Everything Old is New Again

Even with the twelve or so different routes I normally take, sometimes none of them seem just right for the mood when I am ready to ride.  The other day was one such, and I decided to spark things up by looking at one of my old routes in a new way.

One of my favorite rides runs southeast along the W&OD trail from here to Shirlington, a community on the border between Arlington and Alexandria.  The trail terminates just before it hits I-395, a spur from the DC beltway running up parallel to the Potomac to Reagan National Airport and the Pentagon, and finally across the river into DC near the Federal area.  From this point the cyclist can go on, taking a connecting spur to the Mount Vernon Trail, hooking up right at the airport.  Or one can turn back, as I usually do on this ride, ascending the Trail back to North Arlington, where I get off to ride a bumpy up-and-down loop through North Arlington, and then reconnect just a few miles from home.

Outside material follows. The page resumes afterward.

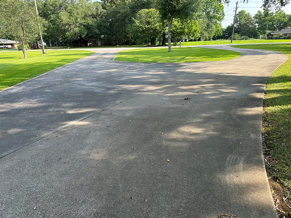 In our driveway cleaning process, we begin by thoroughly cleaning the surface using high-pressure washing equipment and a surface cleaner attachment. This combination allows us to efficiently remove dirt, grime, and other buildup from the entire driveway surface. Once the cleaning is complete, we apply a specialized bleach solution as a post-treatment to target any remaining tough stains and discoloration. This post-treatment process ensures that your driveway receives a deep clean, effectively breaking down dirt and organic matter without leaving behind any streaks or lines.

Though I have done this ride well over a hundred times in the last few years, I have never before ridden the loop the other way.  And that’s what I did this time.  That meant leaving the Trail in East Falls Church, looping up through Arlington, and rejoining the Trail where the Custis Trail splits off to go northerly into Rosslyn.  What was it like?  Everything looks different, and sometimes one is almost disoriented by the new appearance of the road.  Familiar landmarks are on the other side of the road, if they’re visible at all, while old one loom up strangely.  Left turns become right turns, and vice-versa.  And that can have huge consequences for a cyclist.  The easy right-turn intersection suddenly involves crossing over a median and four lanes of traffic, for example.  New potholes appear; hidden drives and shady places pop up unexpectedly.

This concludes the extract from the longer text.